Shelley Carroll is a Canadian politician who has represented Ward 17 Don Valley North on Toronto City Council since 2018. She previously sat as the councillor for Ward 33 Don Valley East from 2003 to 2018.

Background 
Carroll worked in the banking industry before starting her own childcare business, while caring for her own special needs child. She first rose to prominence as head of the North York Parent Assembly and then the Toronto Educational Assembly. Both groups pushed for more funding for education and vigorously opposed the education reforms brought in by then-premier Mike Harris.

Politics

TDSB trustee 
In the 2000 municipal election, she was elected as a Toronto District School Board (TDSB) trustee in Don Valley East, ousting the incumbent. The school board endured fierce battles over provincial cuts to education, and Carroll became the leader of the faction of the Board refusing to implement the Harris agenda. She was elected Co-Chair of the Board by her peers in her last year in office. For her activism on behalf of children, she was awarded a Golden Jubilee Medal.

Toronto City Council 
In the 2003 municipal election, she decided to run for city council when incumbent Paul Sutherland left to run in the provincial election.  Her main opponent was former west-end councillor Rob Davis. During her first term on council she sat on the Budget Committee and then was elected by her peers to the position of Chair of the Public Works and Infrastructure Committee by mid-term.

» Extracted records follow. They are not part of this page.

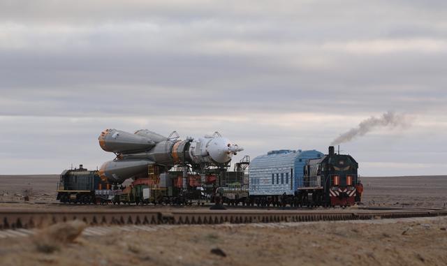 The Soyuz TMA-8 spacecraft and its booster rolled out to the launch pad on Tuesday, March 28, 2006 at the Baikonur Cosmodrome in Baikonur, Kazakhstan for final pre-launch preparations. The Soyuz will blast off on March 30, 2006 to carry Expedition 13 Commander Pavel V. Vinogradov and Science Officer and Flight Engineer Jeffrey N. Williams to the International Space Station for a six-month mission. The spacecraft will also be carrying Brazilian Space Agency Soyuz crew member Marcos Pontes, who will spend 10 days aboard the International Space Station under an agreement with the Russian Federal Space Agency. Photo Credit: (NASA/Bill Ingalls)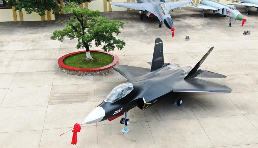这是2021年6月24日在航空工业沈飞航空博览园拍摄的“鹘鹰”战机(无人机照片)。新华社记者 杨青 摄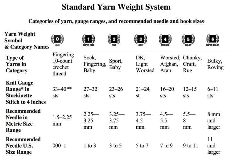 This chart of yarn weight and needle sizes is really handy to figure out which yarns you might be able to substitute in a pattern, which names for sizes are synonyms, and which size needles are likely to be a good fit.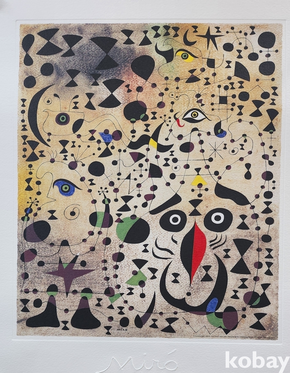 스폐인의 유명 서양화가 로안미로 사인이 보이는 압인 판화입니다,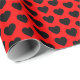 A wrapping paper with black hearts on a red background. Customise the red background among other options.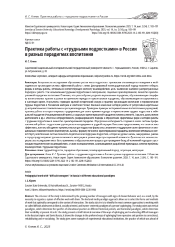 Результаты: проведен краткий исторический экскурс в практику организации воспитания и перевоспитания трудных подростков в Российской империи и Советской России; показано изменение методов работы от репрессивно-карательных до исправительно-восстановительных и ресоциализирующих. Приведены примеры экспериментальных воспитательных учреждений, практика работы в которых опережала традиционные для своего времени подходы к перевоспитанию трудных подростков в либеральной парадигме (Рукавишниковский приют), в социально ориентированной парадигме (коммуна имени М. Горького, школа имени Достоевского и др.). Отмечена непродуктивность унифицированного подхода к определению эффективных форм и методов работы с трудными подростками в личностно ориентированной парадигме. Определена необходимость создания в школе системы профилактической работы с подростками группы риска и находящимися в трудной ситуации. Высказано предположение, что такая система эффективна, если она объединяет привлекательные для подростков формы восстановления и поддержания своего физического и эмоционально-психологического благополучия.

After the 2006 municipal election, she was appointed to sit on Mayor David Miller's Executive Committee and was elected Chair of the Budget Committee. Under the governance procedures of the time, only this chair was elected by a majority vote on council, all other standing committee chairs were appointed by the Mayor.

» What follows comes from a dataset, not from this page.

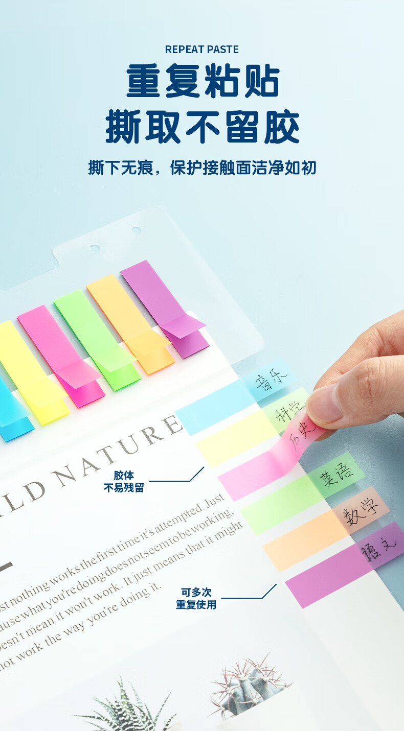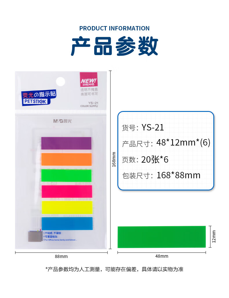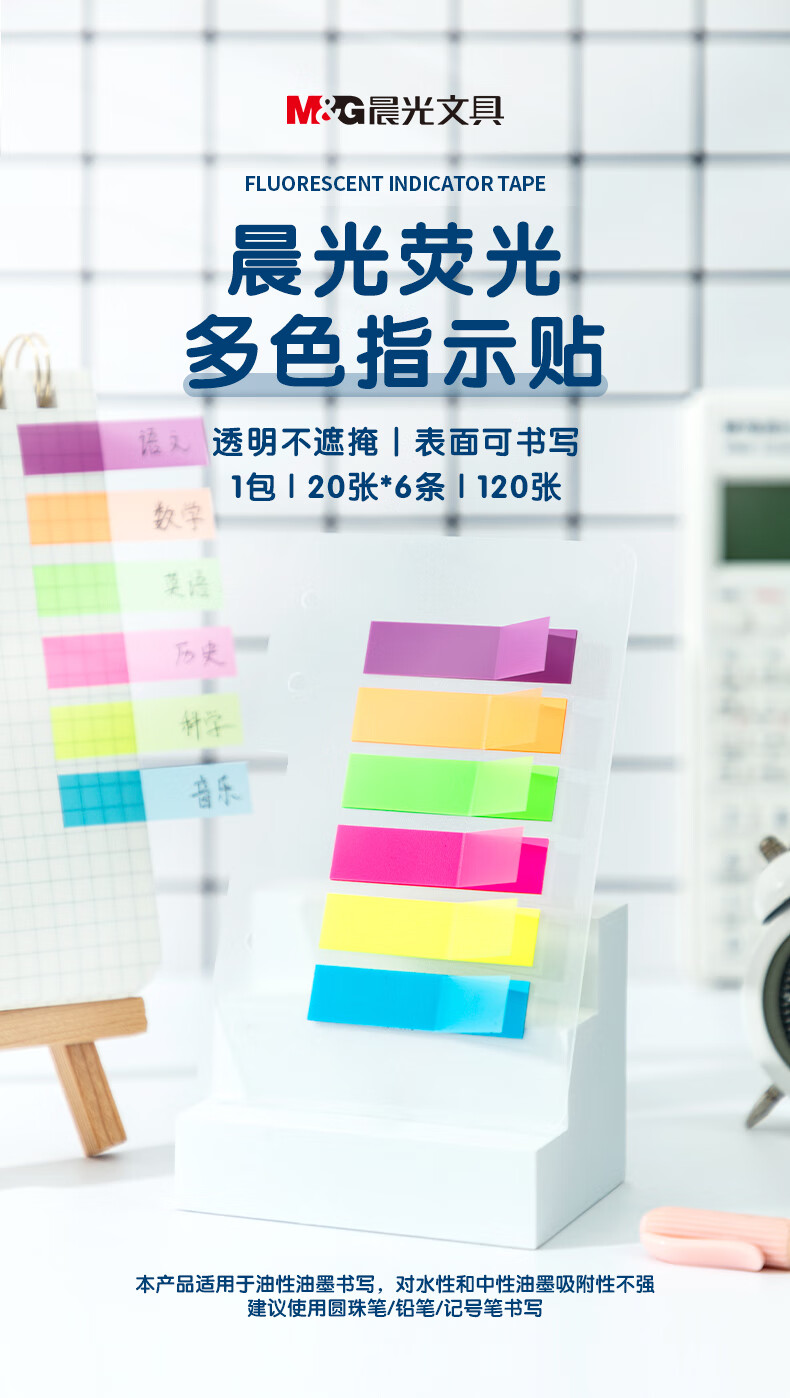 晨光 彩色索引贴 YS-21 6色 120枚 48*12mm 6条 1包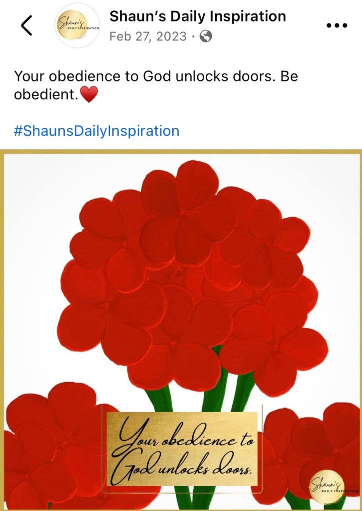 In 2023, I shared, “Your obedience to God unlocks doors.” Although this is true, I believe our obedience should be more important than any blessing we may receive. It’s our obedience that strengthens our relationship with God. It shows Him that we not only love Him, but we trust Him despite what He can do or give.

During her four years as Budget Chair, Carroll delivered four City Budgets that were all successfully fully balanced at the time of their launch. She worked with Mayor David Miller to implement Canada's first Municipal Land Transfer Tax, which made Toronto financially sustainable for the first time since amalgamation.

She was re-elected as a City Councillor in 2010 and in 2014. In December 2014, she was appointed to the Toronto Police Services Board by Toronto City Council. She resigned from the Board on March 26, 2018.

Provincial politics 
In October 2016, Carroll announced that she would seek the Liberal Party nomination for the newly formed Don Valley North provincial riding in the next provincial election and was acclaimed as the candidate.

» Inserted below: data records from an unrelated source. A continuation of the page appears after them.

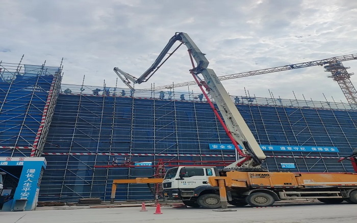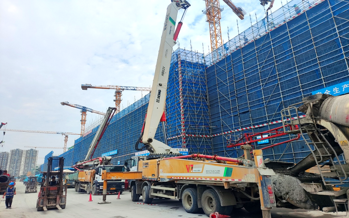 施工现场,臂架林立,机器运转,徐工成套混凝土机械联袂出击 蓝莓TV视频资源,新能源搅拌车,车载泵,泵车齐上阵,从混凝土运输,泵送施工,服务保障等方面守护项目顺利进行。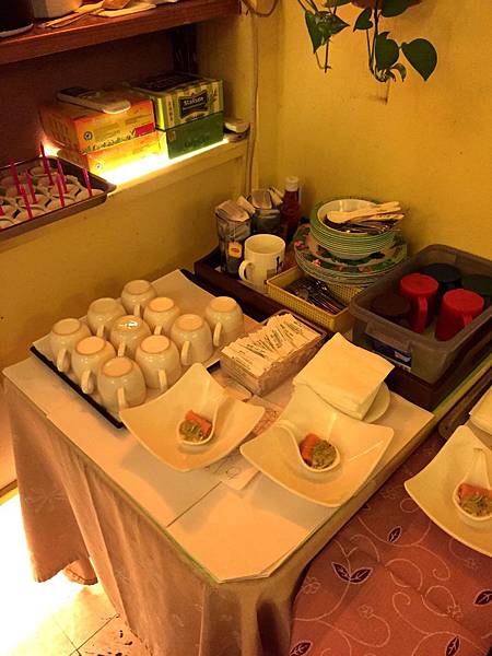 旁邊的小桌有自行取用的杯子和紙巾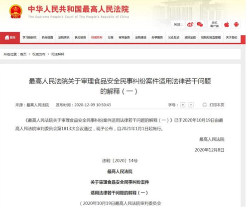 12月9日,最高人民法院召开新闻发布会,发布《最高人民法院关于审理食品安全民事纠纷案件适用法律若干问题的解释(一)》(以下简称《解释》),《解释》将于2021年1月1日起施行。规定称,对于消费者而言,网络食品潜藏着一定的风险,如果入网食品经营者资质、信誉不能保证,则容易引发食品安全问题,进一步明确了电商平台责任承担以及电商平台自营及自营误导责任。

She resigned from City Council on April 5, 2018, in order to run in the 2018 provincial election, but lost to the Progressive Conservative Party candidate Vincent Ke. Jonathan Tsao was appointed by City Council to represent Ward 33 for the remainder of the term before municipal elections on October 22, 2018.

Return to council 
On July 6, 2018, Carroll first announced that she was running for re-election to City Council in Ward 31, renumbered from Ward 33. After the ward boundary changes imposed by the Ontario Government of Doug Ford, Carroll ultimately ran for election in the newly expanded Ward 17 Don Valley North in the 2018 Toronto election. She won by a significant margin over the runner up, Christina Liu, who was endorsed by former-mayor Mel Lastman.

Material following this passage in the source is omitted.